On the Hidden Face of God
Why God is hidden from Man? Why not, since all things are possible with God, paint the Ten Commandments on the Moon in letters from the language before the Tower of Babel, which, all men seeing each night and being unable to misread or misunderstand, would give sufficient evidence even to the skeptic that God was real, and that there was only one?
I was just listening to a lecture by the philosopher and theologian Peter Kreeft on this topic (Because good scholars always go to the primary sources, let me point you to where I found this lecture: http://www.peterkreeft.com/audio.htm) Dr. Kreeft proposes that there is only two ways possible for a God to make himself known to man.
Possible Way Number One is by direct evidence that will convince the brain. Intellectuals like myself (and any academics teaching our young in modern and secular institutions) claim and claim loudly that when evidence is presented, we shall, upon our honor, change our opinions and beliefs and ways of life to confirm to what the cold hard facts of reality command.
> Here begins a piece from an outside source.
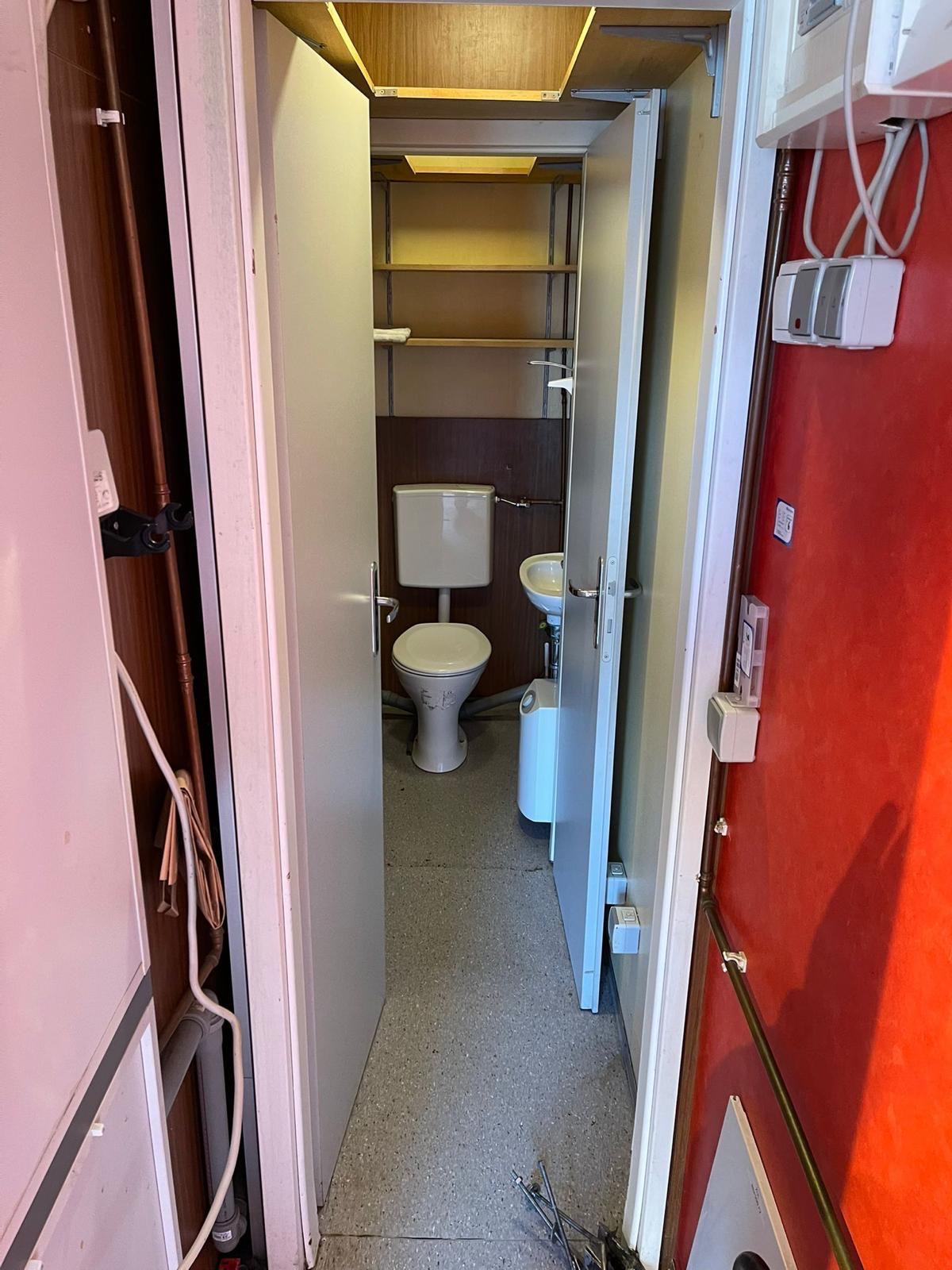 Offener Verkaufscontainer mit integriertem Sanitärbereich und Umkleidemöglichkeit – die Rundumlösung für den ganztägigen Betrieb ohne externe Infrastruktur.

This claim is not to be believed. I read of case of a prominent atheist in England, A.J. Ayer, who in 1988 had a near-death experience, an experience as obvious and unusual as the vision encountered by St. Paul on the Road to Damascus. Dr. Jeremy George, his physician, reports that Ayer had confided to him: “I saw a Divine Being. I’m afraid I’m going to have to revise all my books and opinions.”
But then he publicly reaffirmed his atheism, steadfastly ignored the evidence, and talked himself into believing that his memory and his senses were faulty. He concluded that he had seen nothing, that his sense and his senses were faulty, on the premise that his speculations could not be faulty. He was also a leader of the Humanist movement, and a public reverse of his beliefs would have inconvenienced or embarrassed him.
If this tale is true, A.J. Ayer is a worm. Philosophers are supposed to face changes of fortune and the opinions of the world philosophically, hence the name.
On the other hand, how can we fail to pity weakness? This type of repellent intellectual cowardice is not unusual; it is the human condition.